Respective weights α 1, α 2 and the pair of directive property virtual microphone Vk andSignal be associated, obtain respective weight signal alpha1Vk、And to the weighted signal α1Vk、Summation, obtain the signal V of summation virtual microphoneSUMFor
In subprocess 240, following steps are additionally provided:According to identified or desired pattern direction angle θd(so
And in this case, it is maximum search angle θbisDirection, i.e., it can search and be calculated by ceiling capacity discovery procedure 245
Maximum new direction) and angle of departure ρ calculate 130 weight αs 1, α 2 so that the summation radiation diagram ΓSUM(θ's)
Main lobe in circular sector (being main circular sector MS in this case) by steering, to point to the expected angle θd(i.e. most
Big search angle, θbis) direction.
Therefore, as shown in figure 15, after step 140, summation signals in the desired direction are assessed in step 250
VSUMPower, particularly assess summation signals VSUMTeager ENERGY EsT。
Then, summation signals V is assessed in step 260SUMTeager ENERGY EsTWhether it is maximum energy in the MS of host sectors
Amount.As described in more detail below, the appraisal procedure 260 is preferably a part for iterative process, and in such case
Under, the resolution ratio of iterative process by be provided to step 260 be used for assess resolution parameter RES control.
In the yes case, location estimation, i.e. the maximization direction θ corresponding to desired orientation are founddmax.Maximum direction
θdmaxIt is the source position estimation in units of radian.In addition, appraisal procedure 260, which provides to point to, maximizes direction θdmaxSummation spoke
Penetrate figure ΓSUM(θ) to induction signal Vmax。

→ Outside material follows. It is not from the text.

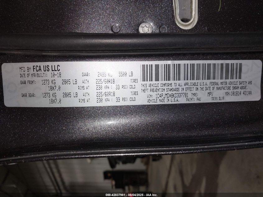 Колір СірийЦиліндри 6Привід Повний привідVIN 1C4PJMDX8KD******Стан НевідомоУшкодження Передня або задняДата аукціону 2025-08-28
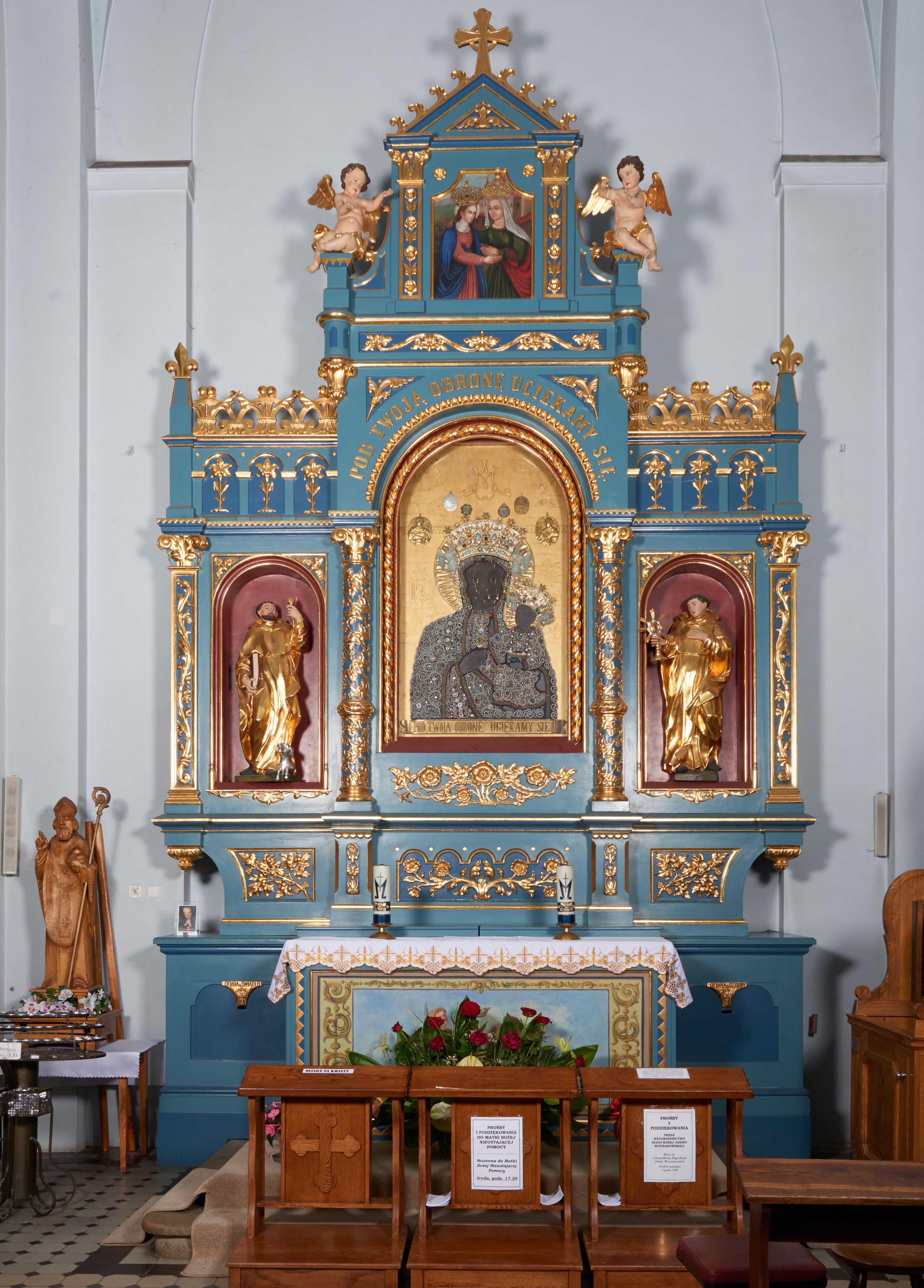 Ołtarz architektoniczny, trójosiowy, jednokondygnacyjny ze zwieńczeniem. Nastawa ustawiona na wysokim postumencie, przed którym stoi zasadniczy ołtarz z drewnianą mensą i marmurowym portatylem oraz współczesnym, malowanym antepedium z przedstawieniem aniołów trzymających koronę. Nastawa osadzona na predelli o wyciętych ćwierćkoliście bokach, artykułowana pilastrami na zewnętrz i kolumnami od wewnątrz. Część środkowa wyższa od bocznych, z prostokątnym polem zamkniętym łukiem półkolistym. Nad polem obrazowym napis „POD TWOJĄ OBRONĘ UCIEKAMY SIĘ”. Pola boczne z niszami zakończonymi półkoliście zakończone prostym gzymsem i ścianką z arkadkami wypełnionymi kwiatkami i zwieńczoną liliami połączonymi półkolistymi listwami. Nad częścią środkową zwieńczenie w formie aediculi, ujęte w dolnej części okrągłymi wieżyczkami z postumentami i zwieńczone liściastymi żabkami i krzyżem. W polu głównym obraz Matki Boskiej z Dzieciątkiem, w niszach figury św. Dominika i św. Jacka, w zwieńczeniu obraz „Nawiedzenie św. Elżbiety” oraz dwa siedzące nagie putta. W środkowym polu predelli i pod obrazem Matki Boskiej ornament w postaci gałązki i kwiatów róż, w bocznych – winne liście i grona. Kolumienki przedzielone ażurową opaską pokrywa spiralnie wijąca się wić winnego grona. Pilastry i pozostałe pola pokryte drobnym ornamentem roślinnym. Struktura jest polichromowana na niebiesko, profile i tła nisz w polach bocznych na czerwono, detale ornamentalne złocone.

In the negative case, new maximum search angular direction θ is selected in step 270bis, and in step 130,
Based on such new maximum search angle θbisCalculating is provided to step 140 with to summation pattern ΓSUMThe weight α of (θ) steering
1、α2.Such weight is, for example, such as [α indicated in following pseudo code example1α2]=F [θbis;ρ;Γ (θ)] solution.
In the example of fig. 15, as described above, providing the first mark angle, θ from step 220 to step 270max, step 270
It is determined that the new maximum search angular direction theta in the direction corresponding to the virtual microphone of the first markbis, and from step 230 to phase
Same step 270 transmits the virtual microphone for corresponding to the second markDirection second mark angle, θp.This, which is performed, makes
New maximum search direction θ can be selected by obtaining step 270bis, i.e., angle, θ is marked first by step 130 and 140maxWith
Two mark angle, θspBetween desired direction θ in the main circular sector MS that limits pointed by summation radiation diagramd.Such as with reference to subsequent
Pseudo code example preferably explain that this is particularly by iteratively halving main circular sector to obtain.Maximum estimated is provided
θbisStep 270 angle bisection θ is provided in the first iterationbis=(θmax+θp)/2, and in subsequent iterations, by assessing
Step 260 provides the angle, θ of the first markmaxWith the angle, θ of the second markpRenewal.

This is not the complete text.